- INFORMATION GIVEN:
= = = = = = =

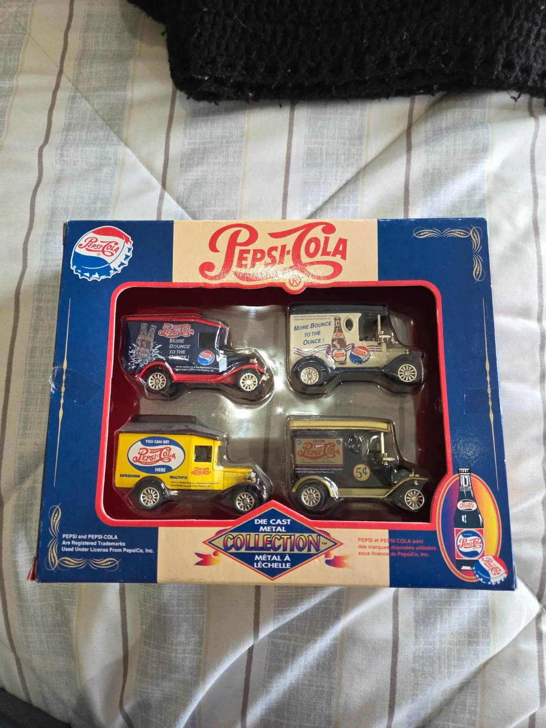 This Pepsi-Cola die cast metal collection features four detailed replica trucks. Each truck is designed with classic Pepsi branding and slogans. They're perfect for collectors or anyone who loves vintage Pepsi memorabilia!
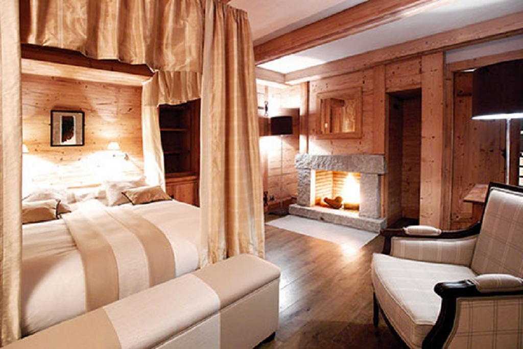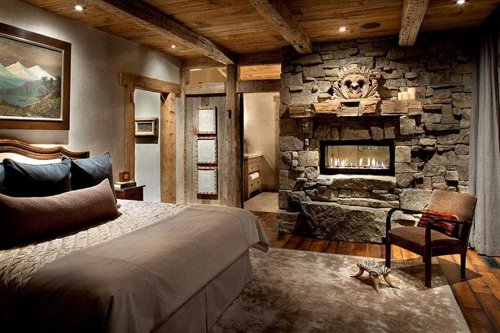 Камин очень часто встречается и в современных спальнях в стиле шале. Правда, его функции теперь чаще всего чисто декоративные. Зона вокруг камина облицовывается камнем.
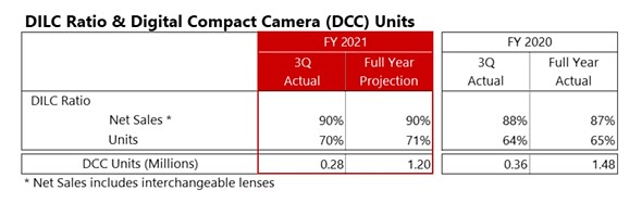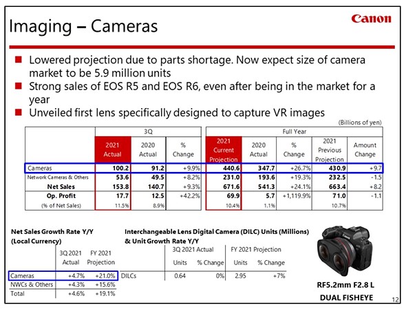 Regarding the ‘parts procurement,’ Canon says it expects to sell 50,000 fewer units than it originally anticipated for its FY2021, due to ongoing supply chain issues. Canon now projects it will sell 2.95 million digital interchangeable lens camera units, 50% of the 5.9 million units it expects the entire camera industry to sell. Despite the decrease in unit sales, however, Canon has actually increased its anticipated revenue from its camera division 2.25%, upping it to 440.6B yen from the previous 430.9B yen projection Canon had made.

= = = = = = =

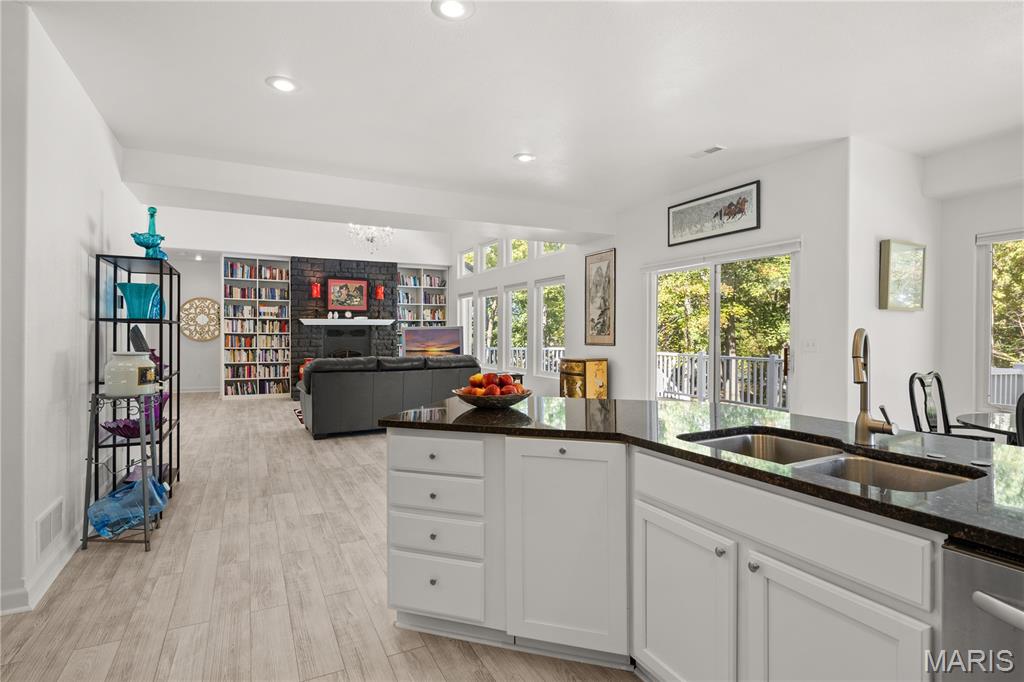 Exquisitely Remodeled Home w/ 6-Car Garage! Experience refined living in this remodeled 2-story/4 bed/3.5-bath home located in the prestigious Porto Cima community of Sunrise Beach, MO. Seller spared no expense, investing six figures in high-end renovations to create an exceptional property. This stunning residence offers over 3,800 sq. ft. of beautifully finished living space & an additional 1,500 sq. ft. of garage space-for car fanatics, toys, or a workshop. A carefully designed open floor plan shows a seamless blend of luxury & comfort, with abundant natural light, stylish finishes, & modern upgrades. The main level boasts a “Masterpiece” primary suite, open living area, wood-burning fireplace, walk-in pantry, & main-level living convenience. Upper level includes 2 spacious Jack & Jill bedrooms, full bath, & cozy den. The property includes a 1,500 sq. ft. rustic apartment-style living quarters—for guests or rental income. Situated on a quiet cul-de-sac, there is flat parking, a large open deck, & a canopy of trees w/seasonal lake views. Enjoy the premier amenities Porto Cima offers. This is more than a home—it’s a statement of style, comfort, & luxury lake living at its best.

= = = = = = =

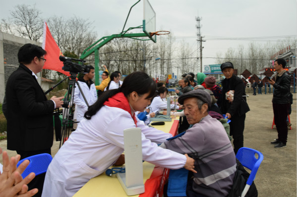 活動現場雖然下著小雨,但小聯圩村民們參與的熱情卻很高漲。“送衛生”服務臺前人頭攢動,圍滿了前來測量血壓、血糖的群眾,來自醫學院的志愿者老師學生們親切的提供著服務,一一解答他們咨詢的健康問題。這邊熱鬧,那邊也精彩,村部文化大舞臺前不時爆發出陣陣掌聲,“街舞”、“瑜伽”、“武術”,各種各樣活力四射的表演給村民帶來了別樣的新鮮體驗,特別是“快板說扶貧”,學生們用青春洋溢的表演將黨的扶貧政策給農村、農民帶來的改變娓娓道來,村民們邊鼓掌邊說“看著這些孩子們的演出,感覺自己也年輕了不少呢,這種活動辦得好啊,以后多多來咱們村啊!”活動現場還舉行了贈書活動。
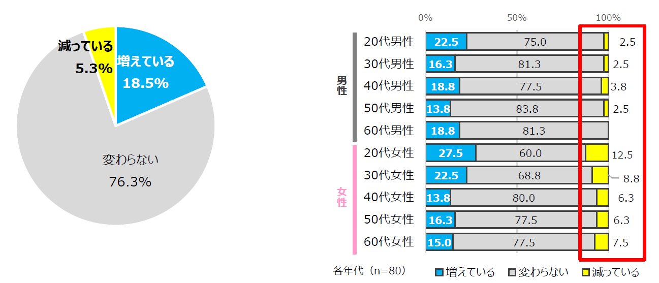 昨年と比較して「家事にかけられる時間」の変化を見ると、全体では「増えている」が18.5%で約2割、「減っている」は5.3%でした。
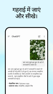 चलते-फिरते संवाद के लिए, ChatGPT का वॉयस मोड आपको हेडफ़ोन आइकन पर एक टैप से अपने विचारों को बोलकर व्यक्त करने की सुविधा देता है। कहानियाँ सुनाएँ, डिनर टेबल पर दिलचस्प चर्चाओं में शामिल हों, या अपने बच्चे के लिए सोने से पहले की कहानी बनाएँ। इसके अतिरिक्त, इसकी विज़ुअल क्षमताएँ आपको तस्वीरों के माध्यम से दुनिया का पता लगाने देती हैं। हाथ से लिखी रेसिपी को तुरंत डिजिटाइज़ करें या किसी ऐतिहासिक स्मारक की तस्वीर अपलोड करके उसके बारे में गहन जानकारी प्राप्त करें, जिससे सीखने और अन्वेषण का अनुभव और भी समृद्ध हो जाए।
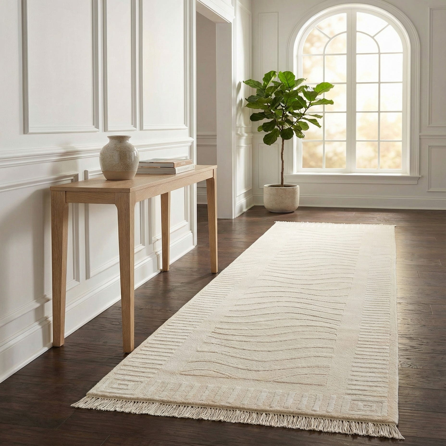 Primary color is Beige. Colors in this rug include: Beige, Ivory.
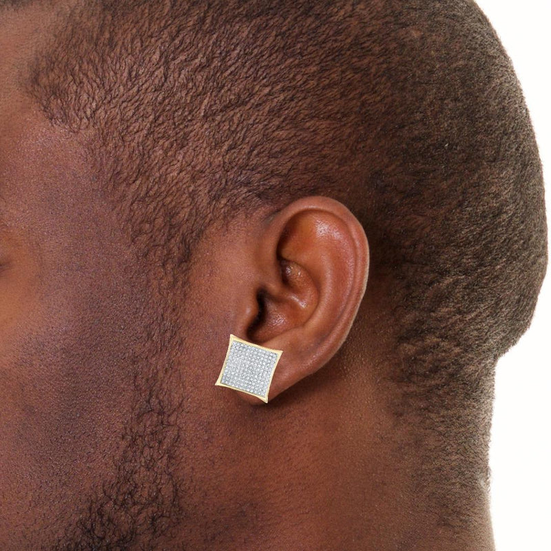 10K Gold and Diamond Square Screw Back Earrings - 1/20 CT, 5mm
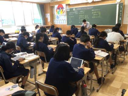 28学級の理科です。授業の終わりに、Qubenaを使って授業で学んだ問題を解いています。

= = = = = = =

- TASK TO COMPLETE:
Give again the stretch of the entries above that begins at the line with "活動現場雖然下著小雨,但小聯" and ends at the line with "28学級の理科です。授業の終", word for word, with no pictures.

- WRITTEN SOLUTION:
 活動現場雖然下著小雨,但小聯圩村民們參與的熱情卻很高漲。“送衛生”服務臺前人頭攢動,圍滿了前來測量血壓、血糖的群眾,來自醫學院的志愿者老師學生們親切的提供著服務,一一解答他們咨詢的健康問題。這邊熱鬧,那邊也精彩,村部文化大舞臺前不時爆發出陣陣掌聲,“街舞”、“瑜伽”、“武術”,各種各樣活力四射的表演給村民帶來了別樣的新鮮體驗,特別是“快板說扶貧”,學生們用青春洋溢的表演將黨的扶貧政策給農村、農民帶來的改變娓娓道來,村民們邊鼓掌邊說“看著這些孩子們的演出,感覺自己也年輕了不少呢,這種活動辦得好啊,以后多多來咱們村啊!”活動現場還舉行了贈書活動。
 昨年と比較して「家事にかけられる時間」の変化を見ると、全体では「増えている」が18.5%で約2割、「減っている」は5.3%でした。
 चलते-फिरते संवाद के लिए, ChatGPT का वॉयस मोड आपको हेडफ़ोन आइकन पर एक टैप से अपने विचारों को बोलकर व्यक्त करने की सुविधा देता है। कहानियाँ सुनाएँ, डिनर टेबल पर दिलचस्प चर्चाओं में शामिल हों, या अपने बच्चे के लिए सोने से पहले की कहानी बनाएँ। इसके अतिरिक्त, इसकी विज़ुअल क्षमताएँ आपको तस्वीरों के माध्यम से दुनिया का पता लगाने देती हैं। हाथ से लिखी रेसिपी को तुरंत डिजिटाइज़ करें या किसी ऐतिहासिक स्मारक की तस्वीर अपलोड करके उसके बारे में गहन जानकारी प्राप्त करें, जिससे सीखने और अन्वेषण का अनुभव और भी समृद्ध हो जाए।
 Primary color is Beige. Colors in this rug include: Beige, Ivory.
 10K Gold and Diamond Square Screw Back Earrings - 1/20 CT, 5mm
 28学級の理科です。授業の終わりに、Qubenaを使って授業で学んだ問題を解いています。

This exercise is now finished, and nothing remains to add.